Objective: Public health legislation during the COVID-19 pandemic has resulted in forced transitioning to the use of remote care in order to continue the provision of pain rehabilitation worldwide. The objective of this study was to gain insight into clinicians´ initial experiences with the provision of interdisciplinary pain rehabilitation via videoconferencing.
Design: Observational, cross-sectional design.
Participants: Twelve team members (specialists in rehabilitation medicine -MD- , psychologists, physiotherapists and occupational therapists) from a tertiary expertise centre in pain rehabilitation.

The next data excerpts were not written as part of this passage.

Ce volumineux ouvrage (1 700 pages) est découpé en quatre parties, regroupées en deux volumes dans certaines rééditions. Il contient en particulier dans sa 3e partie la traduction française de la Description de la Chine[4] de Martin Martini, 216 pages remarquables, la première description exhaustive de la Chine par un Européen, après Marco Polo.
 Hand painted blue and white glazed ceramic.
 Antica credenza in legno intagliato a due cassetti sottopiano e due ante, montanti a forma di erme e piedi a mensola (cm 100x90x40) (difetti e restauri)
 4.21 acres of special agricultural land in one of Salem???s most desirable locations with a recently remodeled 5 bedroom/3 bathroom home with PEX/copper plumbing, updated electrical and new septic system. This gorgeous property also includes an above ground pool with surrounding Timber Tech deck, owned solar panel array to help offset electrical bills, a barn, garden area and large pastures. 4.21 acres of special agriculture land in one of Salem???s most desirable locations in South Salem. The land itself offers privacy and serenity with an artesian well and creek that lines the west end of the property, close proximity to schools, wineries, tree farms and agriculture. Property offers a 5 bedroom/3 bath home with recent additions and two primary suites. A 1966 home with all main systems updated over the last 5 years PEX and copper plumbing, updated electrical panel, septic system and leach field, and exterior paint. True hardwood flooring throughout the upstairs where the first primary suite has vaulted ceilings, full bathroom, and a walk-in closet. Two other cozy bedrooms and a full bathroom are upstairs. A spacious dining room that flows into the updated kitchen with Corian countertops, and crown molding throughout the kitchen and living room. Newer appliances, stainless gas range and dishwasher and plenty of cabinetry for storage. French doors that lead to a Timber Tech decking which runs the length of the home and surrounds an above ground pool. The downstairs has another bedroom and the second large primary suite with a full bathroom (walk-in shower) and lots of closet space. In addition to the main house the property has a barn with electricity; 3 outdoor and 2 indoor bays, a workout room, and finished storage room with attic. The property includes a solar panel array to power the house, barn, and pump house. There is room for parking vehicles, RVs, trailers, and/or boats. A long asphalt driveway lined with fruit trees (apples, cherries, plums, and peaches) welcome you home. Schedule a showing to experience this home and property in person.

Methods: Quantitative and qualitative data were collected via a digital survey. Theme-based content analysis was performed for qualitative data. Results: The themes that emerged were: the compulsory context; prerequisites for proper use of videoconferencing methods, which are strongly associated with the clinicians´ experiences; changes experienced in specific components of pain rehabilitation; and overarching changes experienced, including opportunities and limitations (sub-themes: therapeutic relationship, system involvement, efficiency, hands-on possibilities, interdisciplinary teamwork, and formalities). Overall, clinicians expressed moderate agreement with the statements that the quality of the pain rehabilitation programme can be maintained using videoconferencing, and that the COVID-19 pandemic offers opportunities for growth and innovation in telehealth.
Conclusion: It is feasible to provide valid and satisfactory pain rehabilitation via videoconferencing. This study identified facilitators and barriers to the use of videoconferencing, and great potential for integrating aspects of telehealth into standard care after the pandemic.

Lay Abstract

Legislation during the COVID-19 pandemic forced transitioning to remote care to continue pain rehabilitation treatment. In this study, first experiences with interdisciplinary pain rehabilitation by videoconferencing were gathered. Both qualitative and quantitative data were collected from team members of a pain rehabilitation team via a digital survey. Overall, clinicians reported that videoconferencing is a valid way to continue care in times when legalisation does not allow for standard face-to-face care. Furthermore, clinicians see opportunities to integrate aspects of telehealth into standard care after the COVID-19 pandemic. However, several limitations and restrictions have been experienced, such as the lack of a physical examination and questions about long-term effectiveness of the treatment. In addition, further investigation is needed to investigate whether pain rehabilitation provided by videoconferencing reaches quality standards of regular care.